At the same time, committee recommendations carry significant weight in what city leaders decide to do because of the “digging” they’ve done and because of their background knowledge.

“A lot of the times, the committees are a lot more educated on things than the City Council is, that’s why we refer things” to them, Horne said. “It’s great that you have these well-educated people in very specific areas where someone sitting on the council can’t be educated in safety, and conservation management, and building codes, and other things.”

Being forthright with meeting information not only supports transparency but also participation.

A member of the city’s Diversity, Equity, Inclusion, Justice in Belonging committee recently noted that, for people with certain disabilities, being able to access and go through things like slides or maps in advance of a meeting is essential to their ability to be involved and informed. Notably, video recordings of those meetings have been made but not posted.

The same principle of participation applies to those not on boards.

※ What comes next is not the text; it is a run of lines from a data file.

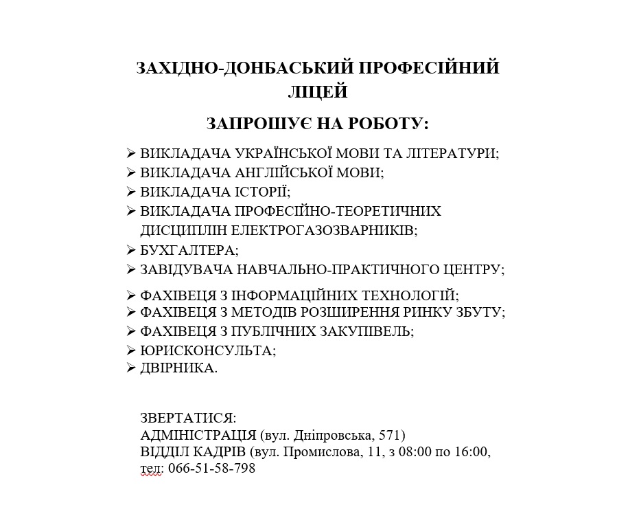 04.07.2025 Західно-Донбаський професійний ліцей запрошує на роботу!!!
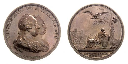 Keiserswert - upevnění hranice v Sedmihradech 1762 - dvojportrét zprava, opis / sedící Dacia, císař.orel, opevnění a nápis, měď 59mm, M.1903, nep.hr., dr.rys.
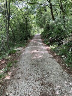 Der Weg ist zunächst noch moderat steil, später geteert und ziemlich steil mit zwischenzeitlich ebenen Abschnitten.

“Anything a quorum of a committee is seeing is a public record and ought to be provided publicly,” Sullivan said. “Then, at least, people can see what it is they’re talking about.”

Sullivan noted the preamble to the state’s Right to Know law, which entitles the public to “the greatest possible public access to the actions, discussions and records of all public bodies.”

Recording government meetings isn’t required by the law, but it is a best practice, Sullivan said. “The goal is the public knowing what the government is up to to the maximum extent possible.”

The law specifically addresses, and requires, that the audience be able to hear all parts of a public meeting.

RSA 91-A states that “each part of a meeting required to be open to the public shall be audible or otherwise discernable to the public at the location.”

When coming into office last January, Champlin undertook a personal review of the city committees, cutting a few that weren’t required by city code and hadn’t met in some time as well as starting or reviving others, including the diversity and equity committee.

“Accessibility is something that we keep in mind when we schedule for the places we hold committees,” Champlin said. “That’s one of the things that’s important to me is, are they accessible to people with limitations?”

When asked about meeting recording or remote participation, he said “it’s something that we should strive for,” but emphasized that technology and staff were a limitation.

Attaching meeting materials to the agenda, he said, “We can work on that.”

“I think it’s reasonable for those types of presentations to be made available to the public.”